Zee Bharat
- Country: India
- Headquarters: Noida, Uttar Pradesh

Programming
- Language: Hindi
- Picture format: 576i (SDTV 16:9, 4:3)

Ownership
- Owner: Zee Media Corporation Limited
- Sister channels: Zee News Zee Business

History
- Launched: 21 May 2017; 9 years ago

Availability

Streaming media
- ZEE5: Zee Hindustan

= Zee Bharat =

Hindi news channel

Zee Bharat is an Indian Hindi-language television news channel, owned by Zee Media. It was first launched as Zee News Uttarakhand and Uttar Pradesh in 2006 and in 2013, it was rebranded as Zee Sangam. In 2016, the channel was again rebranded as India 24×7, and in 2017 as Zee Hindustan, under the leadership of the then-CEO of Zee Media's regional news division, Jagdish Chandra.

It had been launched as part of the Essel Group's efforts to establish a 'nationalist' news channel, in 2017. In 2018, the Essel Group announced that the channel would be 'anchor-less' and would present news without news anchors or news readers. The channel has faced frequent criticism and criminal complaints for sharing incorrect or misleading news.

== History ==
In May 2017, the Essel Group, an Indian media conglomerate, launched Zee Hindustan as a "nationalist news channel," rebranding their former India 24×7 programming. In December 2018, the channel was relaunched as 'anchorless,' announcing this in a front-page advertisement in the newspaper, Hindustan Times.
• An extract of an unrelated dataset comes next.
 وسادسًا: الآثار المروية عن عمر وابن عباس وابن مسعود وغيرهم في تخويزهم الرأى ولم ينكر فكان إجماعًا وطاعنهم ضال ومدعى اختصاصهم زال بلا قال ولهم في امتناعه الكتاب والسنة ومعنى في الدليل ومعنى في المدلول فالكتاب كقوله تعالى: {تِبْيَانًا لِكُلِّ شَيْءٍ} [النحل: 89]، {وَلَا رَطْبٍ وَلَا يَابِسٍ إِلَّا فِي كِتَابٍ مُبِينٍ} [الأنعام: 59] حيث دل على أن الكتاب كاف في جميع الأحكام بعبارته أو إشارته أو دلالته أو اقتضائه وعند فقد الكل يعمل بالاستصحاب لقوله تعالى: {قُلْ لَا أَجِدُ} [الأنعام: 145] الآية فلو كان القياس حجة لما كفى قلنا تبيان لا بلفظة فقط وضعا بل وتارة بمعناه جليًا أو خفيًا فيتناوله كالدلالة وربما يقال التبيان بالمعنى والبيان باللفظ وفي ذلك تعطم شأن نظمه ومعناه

In 2018, a former civil servant filed a criminal complaint against Zee Hindustan, after the broadcast of a manipulated video suggesting that some members of the Rashtriya Janata Dal, a political party, shouted 'pro-Pakistan' slogans following their victory in an election in Araria, Bihar. The complaint produced a video to show that no such slogans were raised and that issues in the lip sync in the video aired by Zee Hindustan suggested it was not authentic.
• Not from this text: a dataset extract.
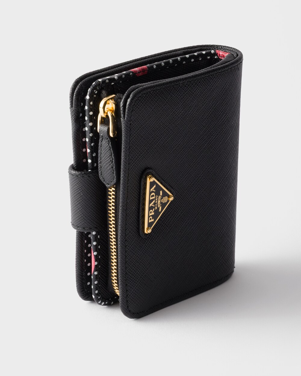 プラダのエレガンスが形となった、上質なサフィアーノレザー(牛革)で作られた小さな財布。アクセサリーには、ドキュメントポケットが複数、カードホルダー、札入れが備わっています。アクセサリーのデザインをメタルのトライアングルロゴが飾り、内側にはアイコニックなリッププリントが施され、ポップな印象を添えています。

In 2019, an employee of Zee Media, who was head of media content for several channels; including Zee Hindustan, resigned, alleging that the organisation was actively portraying misleading news.

In July 2021, the Popular Front of India, a political party, filed a complaint of defamation against Zee Hindustan, after a news anchor on the show claimed that they had funded efforts by the Rohingya refugees in India to seek identity documents.
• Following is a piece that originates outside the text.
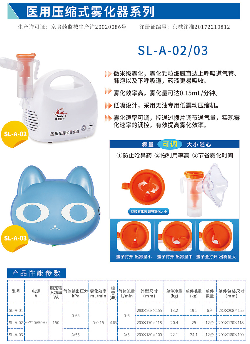 产品采用压缩式雾化方式,利用压缩空气将液体药物雾化成细微的雾状颗粒,伴随自然呼吸而到达深层病患部位,同时相比打针、吃药具有安全、副作用小、显效快、容易接受的特点。

In September 2021, Zee Hindustan was one of several Indian channels which ran footage from the video game, Arma 3, while claiming it was real footage of the Pakistani Air Force, bombing parts of Afghanistan. Fact-checking organisations BoomLive and Alt News confirmed that it was video game footage, as did France24, a French news channel.

In April 2020, the Zee Hindustan anchors falsely claimed that a British restaurant was deliberately poisoning non-Muslim customers with food contaminated by faeces, and attempted to link the owners to Tablighi Jamaat, a Muslim organisation, as a recent incident; the visuals and story that they shared related to a 2015 incident in which customers (regardless of religion) fell ill after a rare strain of E. coli, found in the lettuce used in Khyber Pass, a British restaurant, in which the staff had also failed to maintain proper hand-washing protocols - an incident that was widely reported in the British press.

In June 2022, Zee Hindustan was subject to disciplinary action by the News Broadcasting and Digital Standards Authority, along with other news channels, India TV and Aaj Tak, after they posted sensationalist accounts of the arrest of student leader Umar Khalid, and reproduced a police account without verification or fact-checking.

In 2022, Zee Hindustan issued a formal apology and withdrew a news segment, after confirming that it consisted of a doctored video of the Indian National Congress politician, Rahul Gandhi. He had made a public statement forgiving student activists who vandalised his office in Wayanad, Kerala. The video was shared by Zee Hindustan to falsely make it appear that Gandhi was calling for forgiveness for two Muslim persons charged with beheading a Hindu man in a case of communal violence. Following the incident, a criminal complaint was filed against Zee Hindustan and the news anchor who aired the segment, Rohit Ranjan.

The channel was available in several languages: Hindi, Telugu, Tamil, Kannada and Malayalam.